**Task to carry out:**
Your copy should match the entries exactly, with no images carried over.

**Excerpted data:**
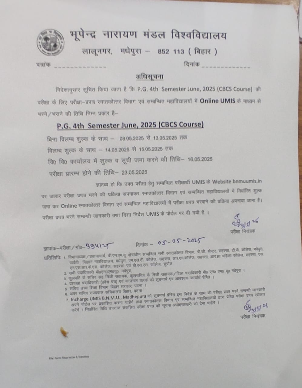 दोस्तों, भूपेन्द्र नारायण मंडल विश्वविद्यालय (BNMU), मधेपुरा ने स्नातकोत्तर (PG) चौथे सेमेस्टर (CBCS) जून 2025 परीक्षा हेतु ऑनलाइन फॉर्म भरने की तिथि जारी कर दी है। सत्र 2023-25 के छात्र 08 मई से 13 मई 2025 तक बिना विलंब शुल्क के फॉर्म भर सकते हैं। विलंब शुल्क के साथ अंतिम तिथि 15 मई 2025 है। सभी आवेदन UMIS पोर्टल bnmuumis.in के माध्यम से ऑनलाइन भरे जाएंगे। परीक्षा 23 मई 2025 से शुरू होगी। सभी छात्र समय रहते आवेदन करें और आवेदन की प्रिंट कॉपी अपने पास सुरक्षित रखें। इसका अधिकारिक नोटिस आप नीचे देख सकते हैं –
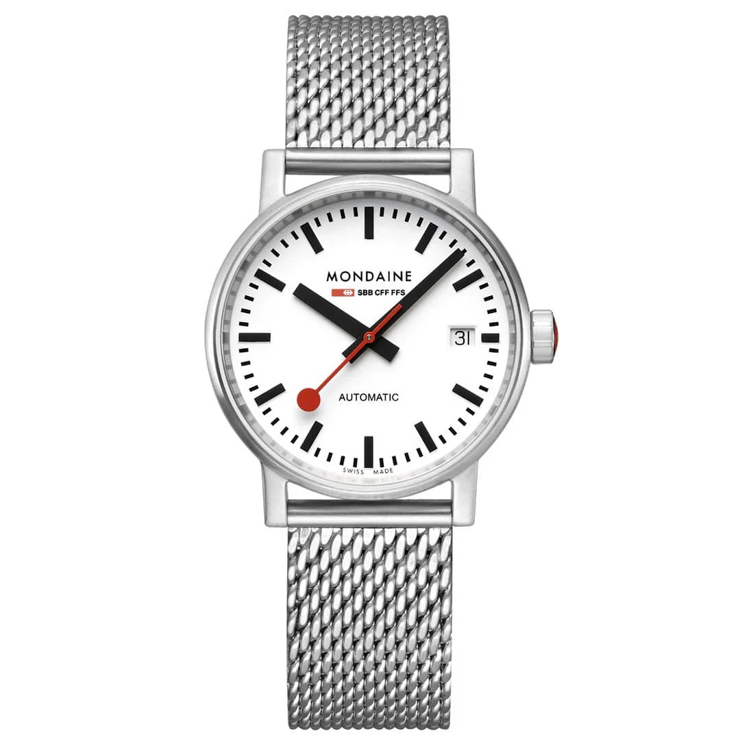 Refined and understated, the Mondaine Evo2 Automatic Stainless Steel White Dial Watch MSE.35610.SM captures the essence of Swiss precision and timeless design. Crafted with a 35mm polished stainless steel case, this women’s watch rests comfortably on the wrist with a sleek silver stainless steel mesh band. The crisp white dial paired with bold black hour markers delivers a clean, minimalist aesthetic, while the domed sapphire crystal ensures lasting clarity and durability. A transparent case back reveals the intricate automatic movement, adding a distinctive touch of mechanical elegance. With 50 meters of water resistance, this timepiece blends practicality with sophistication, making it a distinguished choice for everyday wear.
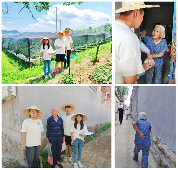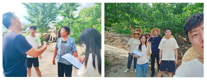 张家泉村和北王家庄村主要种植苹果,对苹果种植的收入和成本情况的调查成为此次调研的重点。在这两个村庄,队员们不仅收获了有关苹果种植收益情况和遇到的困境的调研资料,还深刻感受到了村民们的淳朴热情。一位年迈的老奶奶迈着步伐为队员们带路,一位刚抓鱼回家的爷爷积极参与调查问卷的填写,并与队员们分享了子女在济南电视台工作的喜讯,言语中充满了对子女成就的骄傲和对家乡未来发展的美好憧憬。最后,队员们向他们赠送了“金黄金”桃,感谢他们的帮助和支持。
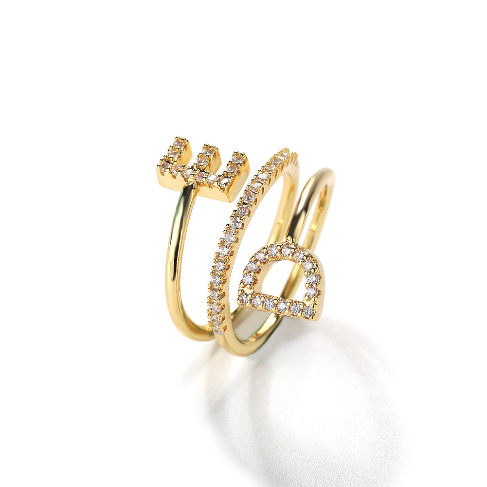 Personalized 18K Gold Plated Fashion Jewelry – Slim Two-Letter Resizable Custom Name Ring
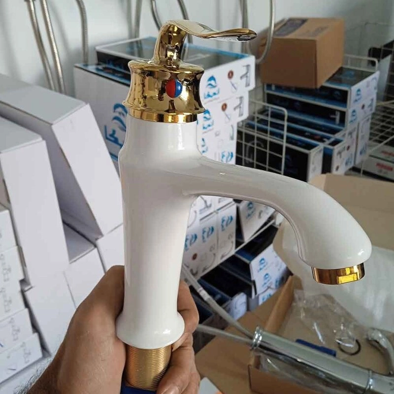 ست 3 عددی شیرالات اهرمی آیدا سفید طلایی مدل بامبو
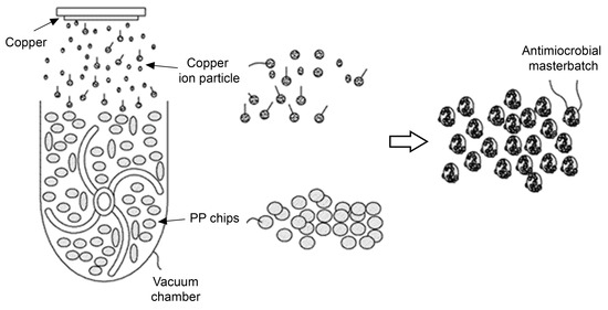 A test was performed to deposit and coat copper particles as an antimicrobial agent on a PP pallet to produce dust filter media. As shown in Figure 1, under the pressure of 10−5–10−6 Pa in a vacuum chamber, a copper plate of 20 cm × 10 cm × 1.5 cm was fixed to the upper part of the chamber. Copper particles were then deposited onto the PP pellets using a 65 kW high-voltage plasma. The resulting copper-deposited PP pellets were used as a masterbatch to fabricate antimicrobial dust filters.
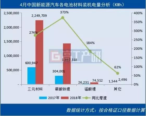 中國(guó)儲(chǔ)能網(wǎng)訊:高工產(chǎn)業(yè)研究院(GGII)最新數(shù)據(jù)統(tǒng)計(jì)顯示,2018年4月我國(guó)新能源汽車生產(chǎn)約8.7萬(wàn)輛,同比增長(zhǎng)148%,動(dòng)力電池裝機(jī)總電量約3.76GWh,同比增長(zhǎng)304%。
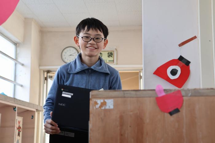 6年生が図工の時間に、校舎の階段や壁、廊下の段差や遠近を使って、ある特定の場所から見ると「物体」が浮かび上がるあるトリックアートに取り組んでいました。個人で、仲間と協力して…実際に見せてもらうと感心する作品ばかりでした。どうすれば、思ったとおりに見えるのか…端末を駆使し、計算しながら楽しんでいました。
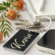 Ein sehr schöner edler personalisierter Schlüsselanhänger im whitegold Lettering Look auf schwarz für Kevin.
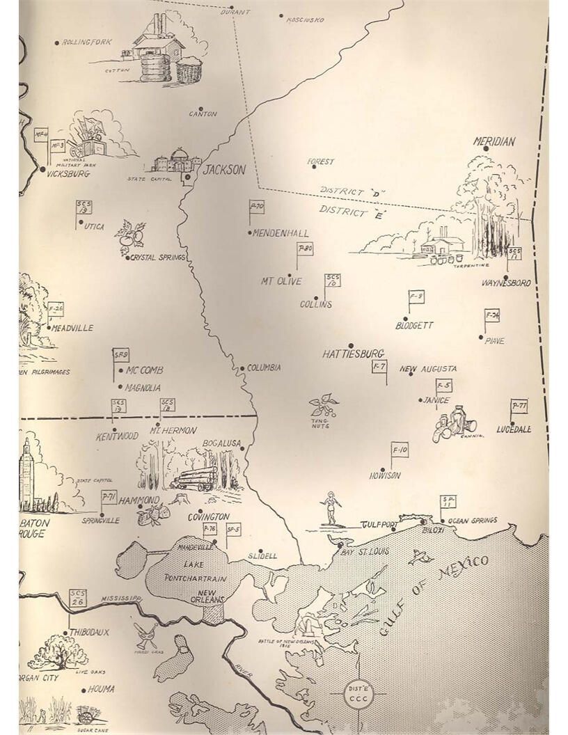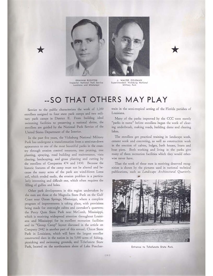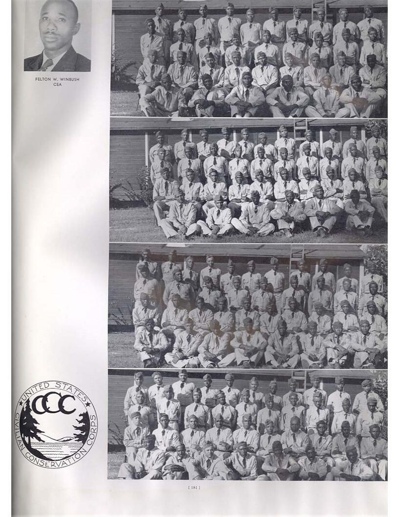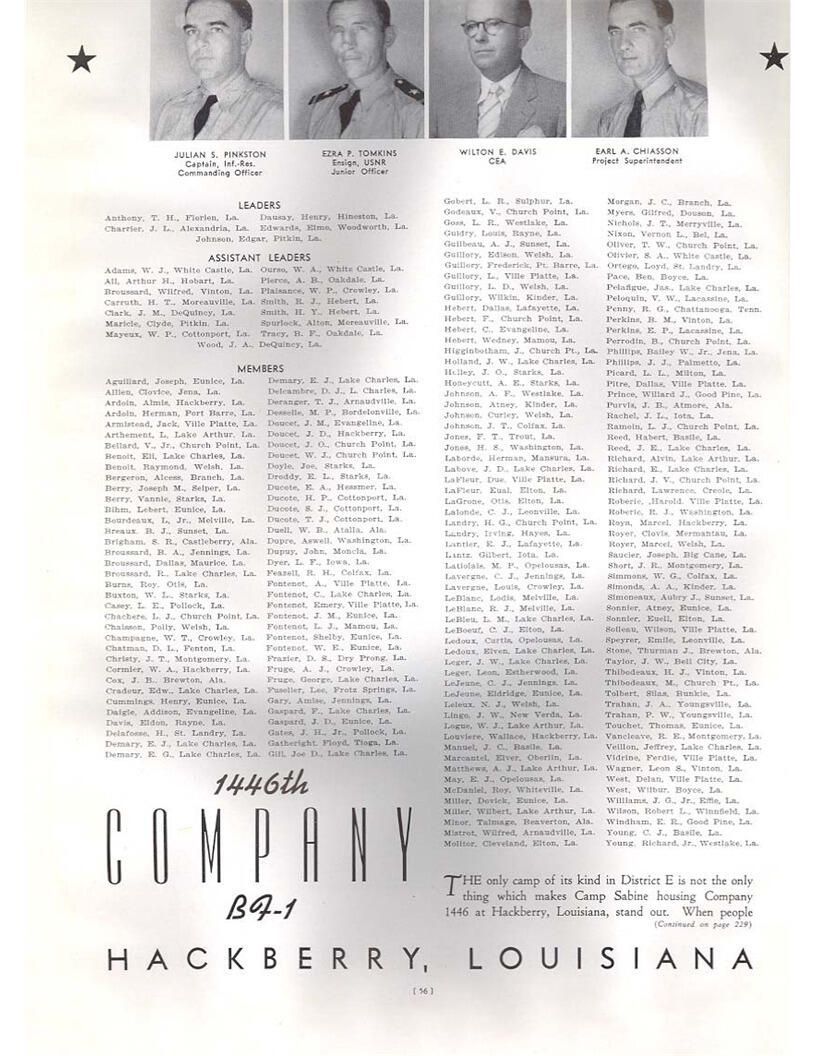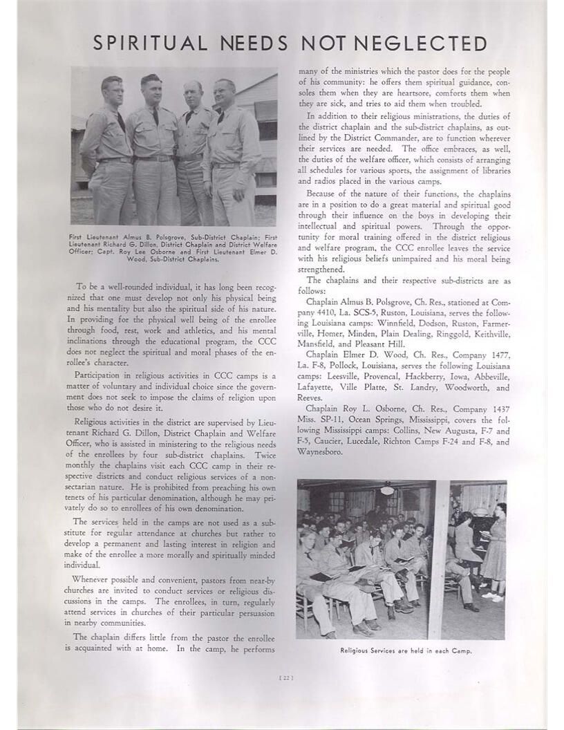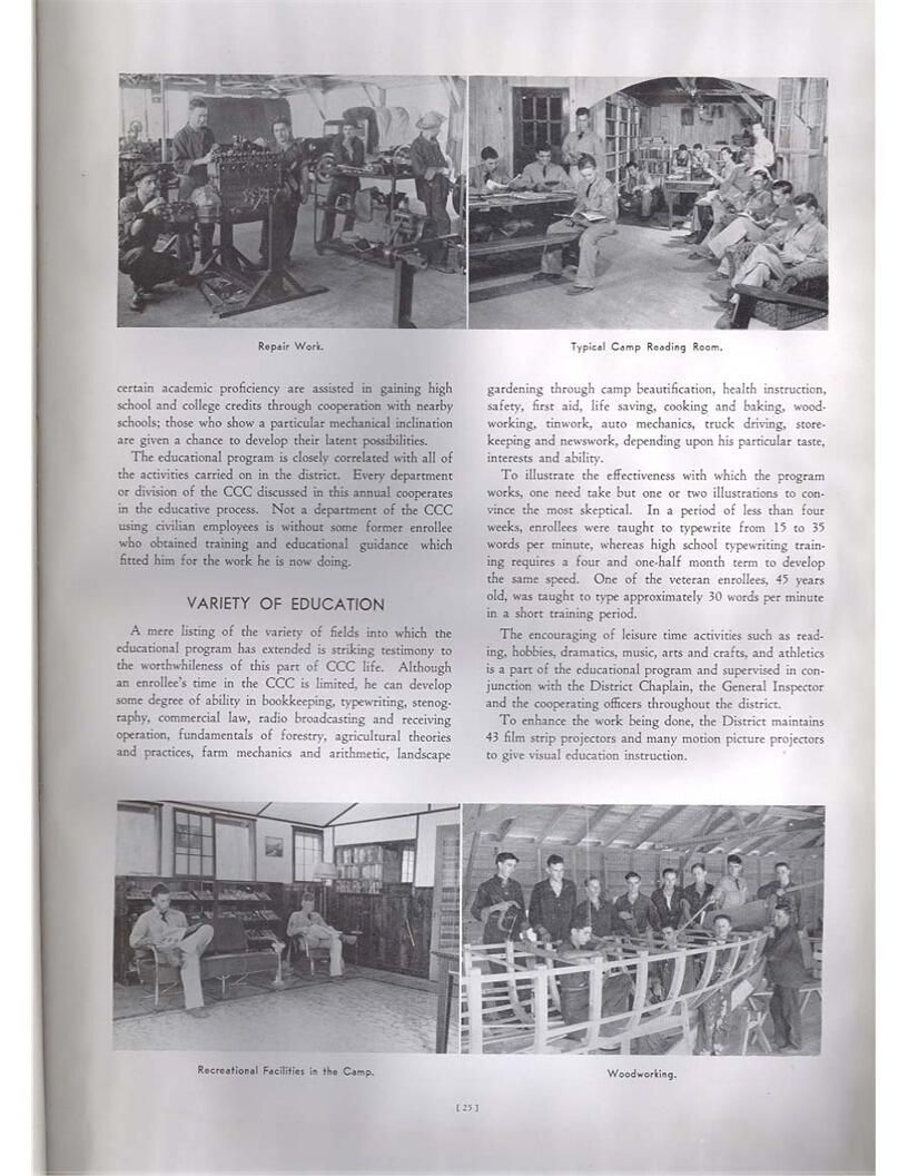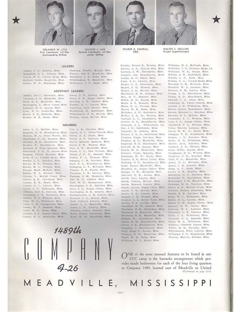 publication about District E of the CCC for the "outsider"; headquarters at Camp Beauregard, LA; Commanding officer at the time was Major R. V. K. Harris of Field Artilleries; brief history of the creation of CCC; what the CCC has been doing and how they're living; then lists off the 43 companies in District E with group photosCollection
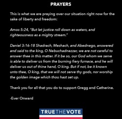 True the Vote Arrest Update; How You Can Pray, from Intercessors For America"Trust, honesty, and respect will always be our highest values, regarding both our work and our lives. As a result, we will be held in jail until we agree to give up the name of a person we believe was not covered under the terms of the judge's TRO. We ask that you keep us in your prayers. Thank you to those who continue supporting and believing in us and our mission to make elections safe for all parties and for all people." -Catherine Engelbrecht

**Solution:**
 दोस्तों, भूपेन्द्र नारायण मंडल विश्वविद्यालय (BNMU), मधेपुरा ने स्नातकोत्तर (PG) चौथे सेमेस्टर (CBCS) जून 2025 परीक्षा हेतु ऑनलाइन फॉर्म भरने की तिथि जारी कर दी है। सत्र 2023-25 के छात्र 08 मई से 13 मई 2025 तक बिना विलंब शुल्क के फॉर्म भर सकते हैं। विलंब शुल्क के साथ अंतिम तिथि 15 मई 2025 है। सभी आवेदन UMIS पोर्टल bnmuumis.in के माध्यम से ऑनलाइन भरे जाएंगे। परीक्षा 23 मई 2025 से शुरू होगी। सभी छात्र समय रहते आवेदन करें और आवेदन की प्रिंट कॉपी अपने पास सुरक्षित रखें। इसका अधिकारिक नोटिस आप नीचे देख सकते हैं –
 Refined and understated, the Mondaine Evo2 Automatic Stainless Steel White Dial Watch MSE.35610.SM captures the essence of Swiss precision and timeless design. Crafted with a 35mm polished stainless steel case, this women’s watch rests comfortably on the wrist with a sleek silver stainless steel mesh band. The crisp white dial paired with bold black hour markers delivers a clean, minimalist aesthetic, while the domed sapphire crystal ensures lasting clarity and durability. A transparent case back reveals the intricate automatic movement, adding a distinctive touch of mechanical elegance. With 50 meters of water resistance, this timepiece blends practicality with sophistication, making it a distinguished choice for everyday wear.
 张家泉村和北王家庄村主要种植苹果,对苹果种植的收入和成本情况的调查成为此次调研的重点。在这两个村庄,队员们不仅收获了有关苹果种植收益情况和遇到的困境的调研资料,还深刻感受到了村民们的淳朴热情。一位年迈的老奶奶迈着步伐为队员们带路,一位刚抓鱼回家的爷爷积极参与调查问卷的填写,并与队员们分享了子女在济南电视台工作的喜讯,言语中充满了对子女成就的骄傲和对家乡未来发展的美好憧憬。最后,队员们向他们赠送了“金黄金”桃,感谢他们的帮助和支持。
 Personalized 18K Gold Plated Fashion Jewelry – Slim Two-Letter Resizable Custom Name Ring
 ست 3 عددی شیرالات اهرمی آیدا سفید طلایی مدل بامبو
 A test was performed to deposit and coat copper particles as an antimicrobial agent on a PP pallet to produce dust filter media. As shown in Figure 1, under the pressure of 10−5–10−6 Pa in a vacuum chamber, a copper plate of 20 cm × 10 cm × 1.5 cm was fixed to the upper part of the chamber. Copper particles were then deposited onto the PP pellets using a 65 kW high-voltage plasma. The resulting copper-deposited PP pellets were used as a masterbatch to fabricate antimicrobial dust filters.
 中國(guó)儲(chǔ)能網(wǎng)訊:高工產(chǎn)業(yè)研究院(GGII)最新數(shù)據(jù)統(tǒng)計(jì)顯示,2018年4月我國(guó)新能源汽車生產(chǎn)約8.7萬(wàn)輛,同比增長(zhǎng)148%,動(dòng)力電池裝機(jī)總電量約3.76GWh,同比增長(zhǎng)304%。
 6年生が図工の時間に、校舎の階段や壁、廊下の段差や遠近を使って、ある特定の場所から見ると「物体」が浮かび上がるあるトリックアートに取り組んでいました。個人で、仲間と協力して…実際に見せてもらうと感心する作品ばかりでした。どうすれば、思ったとおりに見えるのか…端末を駆使し、計算しながら楽しんでいました。
 Ein sehr schöner edler personalisierter Schlüsselanhänger im whitegold Lettering Look auf schwarz für Kevin.
 publication about District E of the CCC for the "outsider"; headquarters at Camp Beauregard, LA; Commanding officer at the time was Major R. V. K. Harris of Field Artilleries; brief history of the creation of CCC; what the CCC has been doing and how they're living; then lists off the 43 companies in District E with group photosCollection
 True the Vote Arrest Update; How You Can Pray, from Intercessors For America"Trust, honesty, and respect will always be our highest values, regarding both our work and our lives. As a result, we will be held in jail until we agree to give up the name of a person we believe was not covered under the terms of the judge's TRO. We ask that you keep us in your prayers. Thank you to those who continue supporting and believing in us and our mission to make elections safe for all parties and for all people." -Catherine Engelbrecht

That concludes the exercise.